La nomination d'un nouveau gouvernement ne va évidemment rien changer à l'orientation politique actuelle même si quelques mesures sociales sont prises sous la dure pression électorale subie aux municipales par le PS;

Valls même s'il est tenu de tenter une réponse sociale pour désamorcer le mécontentement, sera prisonnier (très consentant) du refus de remettre en cause le "pacte de responsabilité" qui est un témoignage non pas d'une irresponsabilité mais d'un choix délibéré consistant à s'inscrire dans une politique européenne ne mettant pas en cause les marchés financiers.

C'est cela qu'il faut combattre ! C'est cela que la droite ne combat pas et que l'extrême droite utilise pour laisser croire une opposition forte mais factice au système libéral et récupérer ainsi le mécontentement populaire.

Il faut que les travailleurs et leurs organisations syndicales réagissent. Il faut que la jeunesse ne laisse pas faire, même si elle est troublée par une politique qui émane du Parti Socialiste qu'elle peut considérer comme étant à gauche.

Cette confusion transpire de cette gauche qu'incarne précisément Manuel Valls et au fond qu'entretiennent la droite et l'extrême droite qui spéculent sur une pseudo opposition populaire se saisissant de toutes sortes de prétexte pour revenir ou venir au pouvoir.

Une grande bataille idéologique doit se développer entre les forces du capital et celles dont disposent les travailleurs.

Entre ces forces subsiste une grande inégalité que reflètent les résultats électoraux. Les communistes bien que représentant encore une force déterminante sont écartés autant que faire se peut des plateaux de télévision. Mais ils ont une capacité de compréhension d'une situation qui, en fait, n'est que la conséquence de leur analyse de l'exploitation du travail à l'échelle nationale certes mais également au plan mondial. Ils ne sont évidemment pas les seuls à avoir conscience de cela.

Cependant leur affaiblissement est exploité, y compris par certains de leurs alliés, lesquels les entraineraient, si ces communistes n'y prenaient garde, dans des stratégies mortifères non seulement pour eux, mais pour la gauche dans son ensemble.

Les dernières élections municipales ont malheureusement confirmé cette tendance, plus particulièrement dans notre ville.

Qu'on nous entende bien nous ne devons pas nous tromper d'adversaires mais ce n'est pas pour autant que l'on doit céder à des analyses qui ne tiennent pas compte des possibilités de rassemblement à la base.

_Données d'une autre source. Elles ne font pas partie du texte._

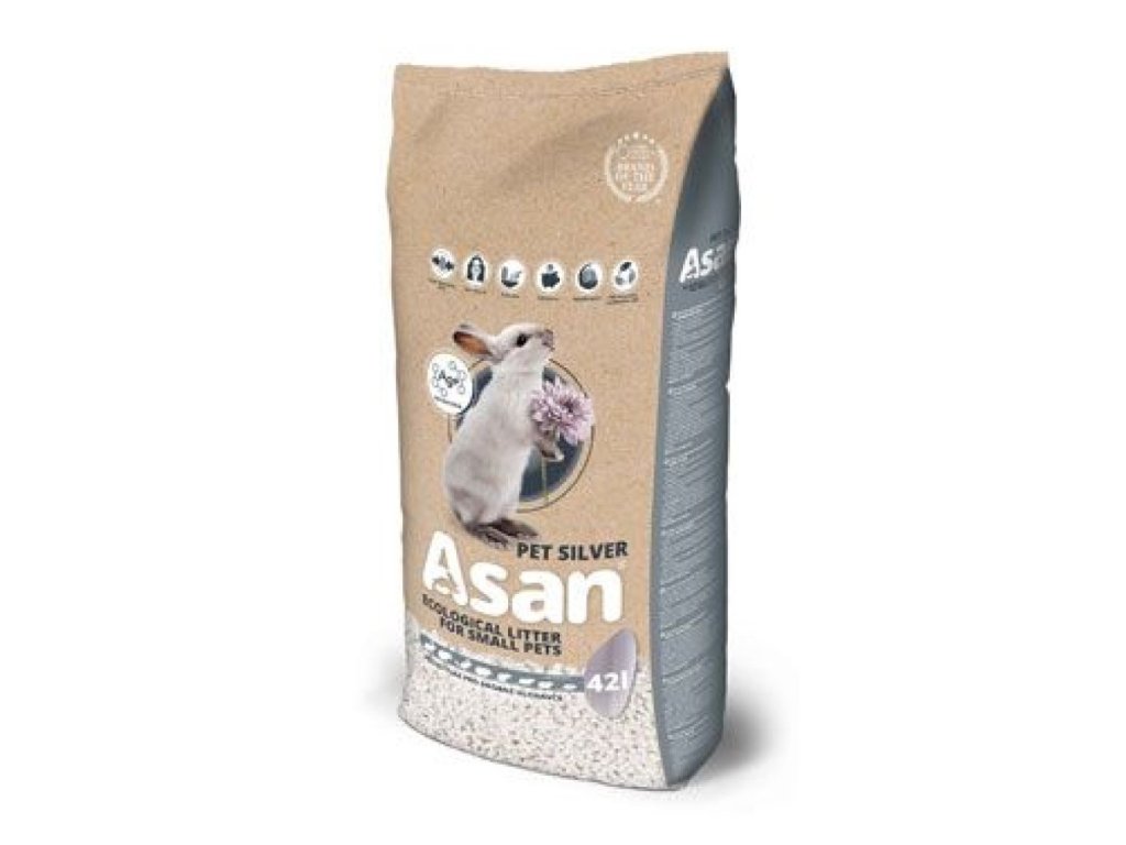 Ekologická podestýlka ASAN Pet Silver je jedinečná a jediná buničitá podestýlka určená pro králíky, morčata a jiné hlodavce. První podestýlka s koloidním stříbrem na trhu.Koloidní stříbro má antibakteriální a antiseptické účinky. Udrží podestýlku hygienicky bezpečnou pro zvíře i chovatele. Povrch podetýlky je stále suchý a netvoří bláto. Přírodní stelivo pro zakrslé králíčky a drobné hlodavce.- S koloidním stříbrem pro jeho antibakteriální účinek.- Bez prachu, parfémů a vzdušných alergenů, vhodný i pro alergiky a astmatiky.- Mimořádná absorpce pachů a vlhkosti.- Hygienicky nejzodpovědnější podestýlka na trhu.- Menší množství lze spláchnout do WC, větší množství můžete kompostovat nebo zlikvidovat do ekologického odpadu.Steliva Asan:- Mimořádně dobře pohlcují pachy.- Výborně vstřebávají vlhkost a dehydratují exkrementy domácích mazlíčků během několika vteřin.- Jsou bez prachu, přidaných barviv a parfémů, které jsou častými alergeny.- Nízká váha – minimální hmotnost steliv, mohou s nimi manipulovat i děti, které se o zvířata starají.- Malá spotřeba – v průměru 5x nižší než u minerálních steliv, šetří domácí rozpočet.- Jsou ekologicky šetrné, surovinu netěžíme, nekácíme stromy pro její získání. Steliva Asan jsou vyrobena z buničiny.- 100% rozložitelná steliva ohleduplná k životnímu prostředí.- Snadná a rychlá likvidace jako bioodpadu – do toalety nebo kompostováním.- Zdravotní aspekt – Asan steliva jsou nezávadná, nevytvářejí prostředí vhodné pro růst bakterií, nevyvolávají kašel, nedráždí sliznice. Jsou bezpečná pro děti a vhodná i pro alergiky a astmatiky.- Stále suchý povrch podestýlky zajistí komfort chovaným zvířatům.Doplňkové parametry

Cela avec des visions qui aboutiraient au final à nous associer dans des sectarismes respectifs de petits sommets rabougris.

Les replis sur soi font naître non seulement les idées qui peuvent parfois être un prétexte à la défense d'intérêts particuliers (économiques ou de simple pouvoir) mais du coup détachent de la diversité des intérêts collectifs qui précisément appellent à l'entente.

Il y a un temps pour développer sa propre force de conviction, pour définir ses objectifs, pour les partager et les élaborer avec les différentes couches sociales de la population concernées, pour faire en sorte qu'elles agissent, y compris qu'elles s'engagent à nos côtés et un temps pour se rassembler et s'unir quand les contextes électoraux et les luttes sociales le permettent et l'exigent.

Mais chacun ici le comprendra bien, toute idée tout programme politique et électoral à quelque niveau que ce soit est l'affaire de son parti, des instances du niveau concerné, même si elles doivent faire l'objet d'explications et d'échanges entre elles.

La tendance voulant à tout prix mettre autour d'une table en permanence des partenaires potentiels de motivation et d'inspiration différentes peut-être paralysante, et l'est souvent.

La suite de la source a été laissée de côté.